Brief: Starting at the line holding "公園を散歩中、立派なバラ園を" and finishing at the line holding "Brent crude oil", transcribe the material exactly, keeping both ends but no pictures.

Given data:

______

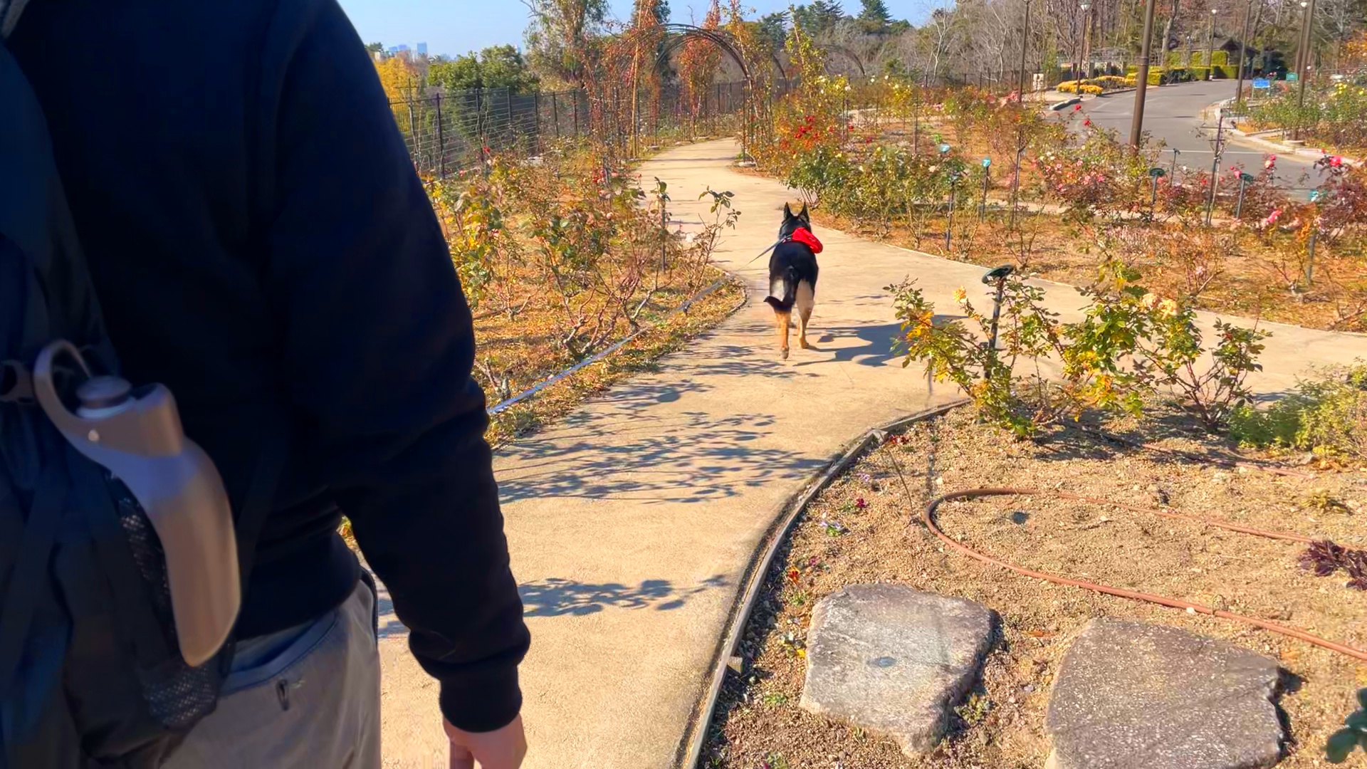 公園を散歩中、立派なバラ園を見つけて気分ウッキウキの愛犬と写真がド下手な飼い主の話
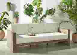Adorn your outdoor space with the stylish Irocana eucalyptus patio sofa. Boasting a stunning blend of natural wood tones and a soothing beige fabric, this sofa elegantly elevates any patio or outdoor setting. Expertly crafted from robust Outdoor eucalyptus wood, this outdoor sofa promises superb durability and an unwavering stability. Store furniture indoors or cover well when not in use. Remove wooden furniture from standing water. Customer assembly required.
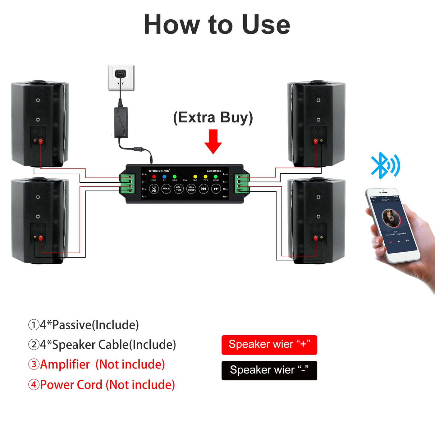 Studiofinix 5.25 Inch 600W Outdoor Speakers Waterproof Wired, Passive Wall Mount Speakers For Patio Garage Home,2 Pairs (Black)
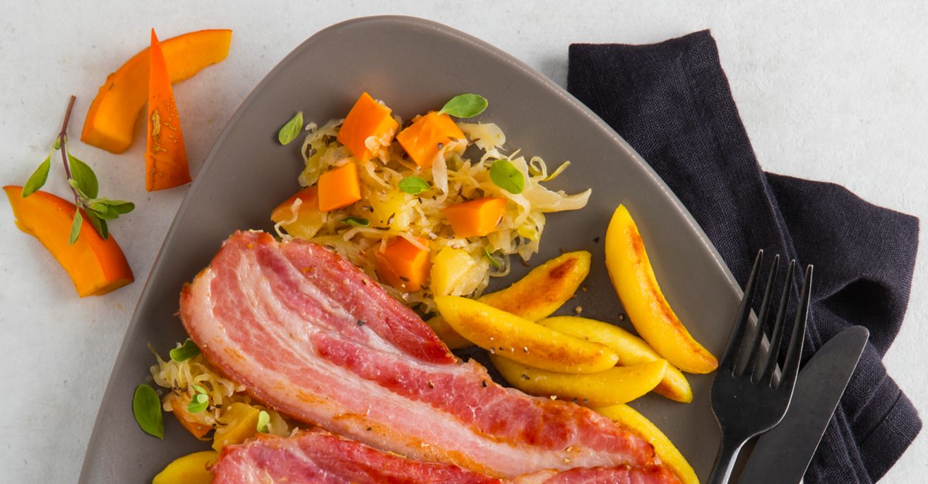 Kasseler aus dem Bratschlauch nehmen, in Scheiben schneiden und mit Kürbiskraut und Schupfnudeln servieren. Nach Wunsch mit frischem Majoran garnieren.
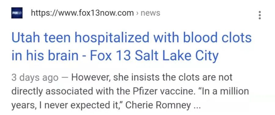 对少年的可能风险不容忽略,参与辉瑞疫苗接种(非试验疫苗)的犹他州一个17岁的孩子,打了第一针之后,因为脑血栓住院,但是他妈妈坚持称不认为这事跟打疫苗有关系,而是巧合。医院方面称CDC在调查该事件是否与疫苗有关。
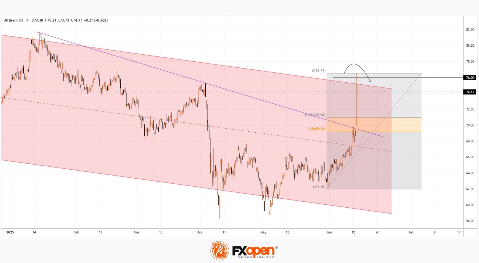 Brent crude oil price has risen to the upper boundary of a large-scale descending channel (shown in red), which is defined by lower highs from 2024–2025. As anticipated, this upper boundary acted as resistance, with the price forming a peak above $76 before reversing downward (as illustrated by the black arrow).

______

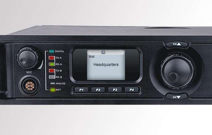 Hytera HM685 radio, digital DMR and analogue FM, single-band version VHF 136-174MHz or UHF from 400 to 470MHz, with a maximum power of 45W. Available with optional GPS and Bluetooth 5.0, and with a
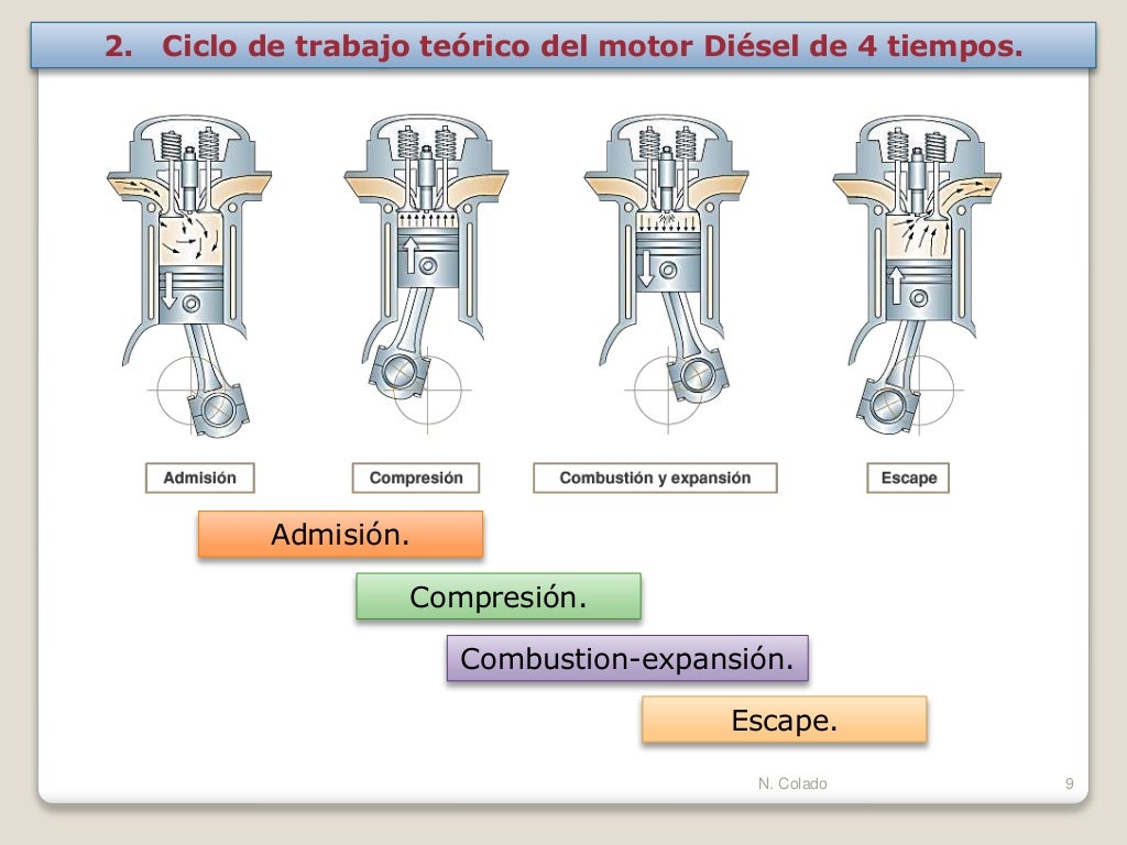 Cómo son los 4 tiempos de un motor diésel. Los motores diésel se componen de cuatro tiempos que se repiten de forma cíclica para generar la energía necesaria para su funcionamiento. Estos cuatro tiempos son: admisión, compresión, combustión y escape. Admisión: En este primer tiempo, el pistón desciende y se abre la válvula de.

______

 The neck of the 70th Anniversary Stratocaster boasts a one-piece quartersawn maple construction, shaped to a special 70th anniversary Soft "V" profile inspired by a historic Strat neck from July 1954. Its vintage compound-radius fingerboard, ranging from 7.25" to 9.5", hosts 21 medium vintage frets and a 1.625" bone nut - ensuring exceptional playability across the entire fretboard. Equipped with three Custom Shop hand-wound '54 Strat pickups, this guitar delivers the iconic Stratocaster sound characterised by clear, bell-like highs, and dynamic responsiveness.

______

The completed task:
 公園を散歩中、立派なバラ園を見つけて気分ウッキウキの愛犬と写真がド下手な飼い主の話
Adorn your outdoor space with the stylish Irocana eucalyptus patio sofa. Boasting a stunning blend of natural wood tones and a soothing beige fabric, this sofa elegantly elevates any patio or outdoor setting. Expertly crafted from robust Outdoor eucalyptus wood, this outdoor sofa promises superb durability and an unwavering stability. Store furniture indoors or cover well when not in use. Remove wooden furniture from standing water. Customer assembly required.
 Studiofinix 5.25 Inch 600W Outdoor Speakers Waterproof Wired, Passive Wall Mount Speakers For Patio Garage Home,2 Pairs (Black)
 Kasseler aus dem Bratschlauch nehmen, in Scheiben schneiden und mit Kürbiskraut und Schupfnudeln servieren. Nach Wunsch mit frischem Majoran garnieren.
 对少年的可能风险不容忽略,参与辉瑞疫苗接种(非试验疫苗)的犹他州一个17岁的孩子,打了第一针之后,因为脑血栓住院,但是他妈妈坚持称不认为这事跟打疫苗有关系,而是巧合。医院方面称CDC在调查该事件是否与疫苗有关。
 Brent crude oil price has risen to the upper boundary of a large-scale descending channel (shown in red), which is defined by lower highs from 2024–2025. As anticipated, this upper boundary acted as resistance, with the price forming a peak above $76 before reversing downward (as illustrated by the black arrow).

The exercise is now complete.